WHAT YOU WILL DO >> Every picture is to be removed, and all the data is to be copied exactly.
:: AVAILABLE DATA
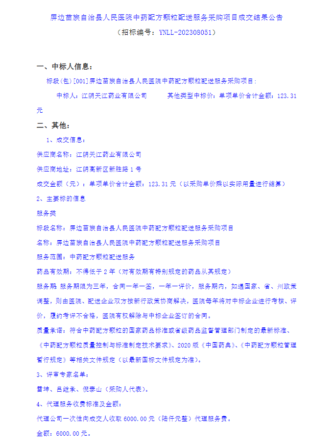 【红河哈尼族彝族自治州屏边苗族自治县人民医院】云南省红河哈尼族彝族自治州屏边苗族自治县人民医院中药配方颗粒配送服务采购项目成交结果公告
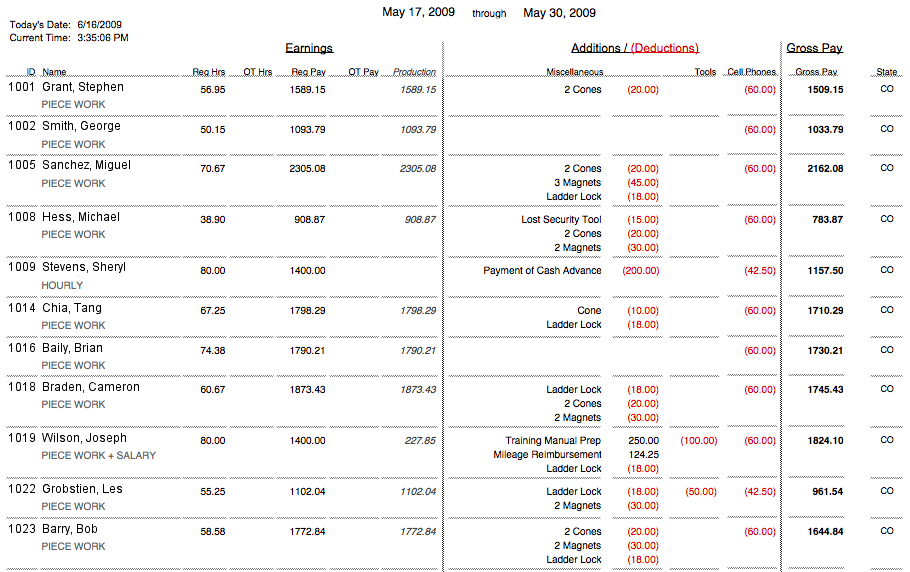 This is an illustration of a Payroll Report that is generated from your database then submitted directly to ADP. We will make your Payroll Report look exactly the way you want it to.
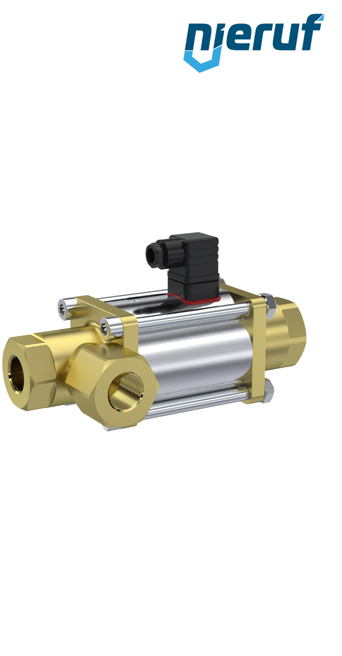 valvola coassiale a 3/2 vie 3/8" pollici IG - DN10 in ottone, a comando diretto fino ad un massimo di 40 bar, NO - normalmente aperta, voltaggio 230V AC - per acqua
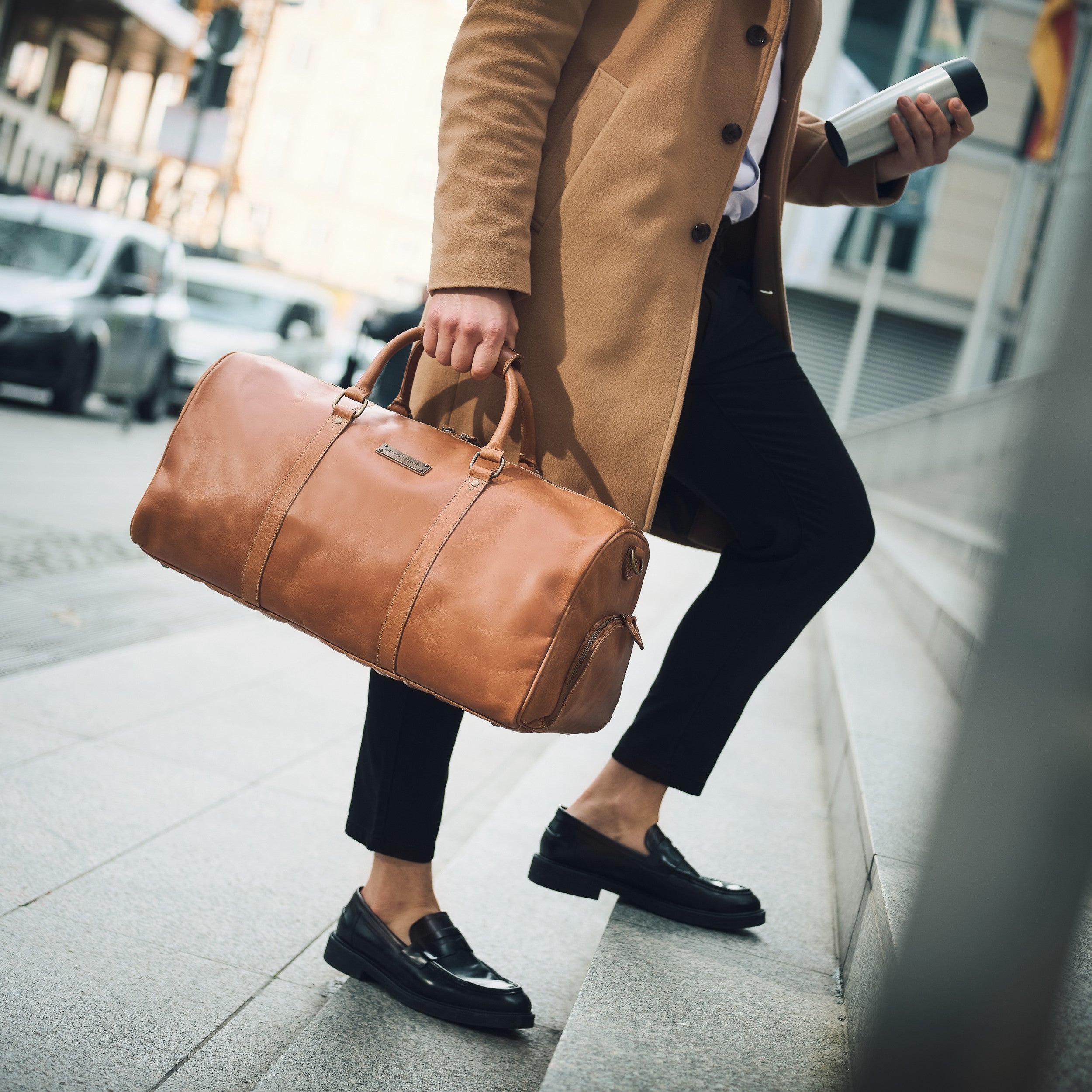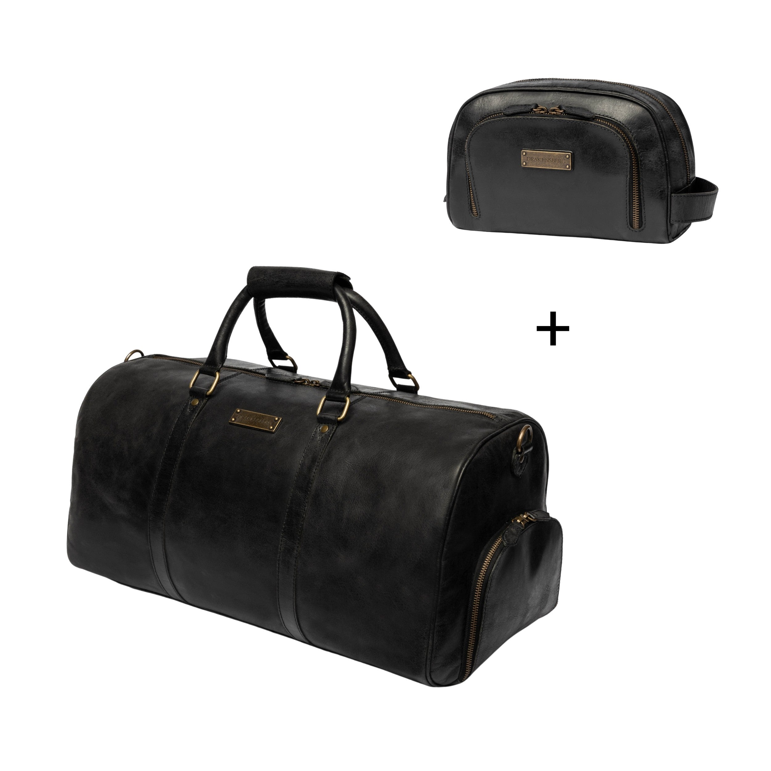 L'ensemble en deux pièces en cuir de haute qualité comprend le sac de voyage compact « Finn » et la trousse de toilette classique « Ben ». »Finn« est un sac de week-end pratique avec un compartiment à chaussures intégré et est idéal comme bagage à main, accepté par la plupart des compagnies aériennes. Le compartiment principal s'ouvre facilement grâce à une fermeture éclair et il y a une poche supplémentaire zippée à l'intérieur pour les objets de valeur. Il y a un autre compartiment pratique à fermeture éclair à l'extérieur du dos. Le sac de voyage peut être porté de manière décontractée sur l'épaule ou élégamment à la main grâce aux lanières en cuir.
::::
EXPECTED ANSWER >>
 【红河哈尼族彝族自治州屏边苗族自治县人民医院】云南省红河哈尼族彝族自治州屏边苗族自治县人民医院中药配方颗粒配送服务采购项目成交结果公告
 This is an illustration of a Payroll Report that is generated from your database then submitted directly to ADP. We will make your Payroll Report look exactly the way you want it to.
 valvola coassiale a 3/2 vie 3/8" pollici IG - DN10 in ottone, a comando diretto fino ad un massimo di 40 bar, NO - normalmente aperta, voltaggio 230V AC - per acqua
 L'ensemble en deux pièces en cuir de haute qualité comprend le sac de voyage compact « Finn » et la trousse de toilette classique « Ben ». »Finn« est un sac de week-end pratique avec un compartiment à chaussures intégré et est idéal comme bagage à main, accepté par la plupart des compagnies aériennes. Le compartiment principal s'ouvre facilement grâce à une fermeture éclair et il y a une poche supplémentaire zippée à l'intérieur pour les objets de valeur. Il y a un autre compartiment pratique à fermeture éclair à l'extérieur du dos. Le sac de voyage peut être porté de manière décontractée sur l'épaule ou élégamment à la main grâce aux lanières en cuir.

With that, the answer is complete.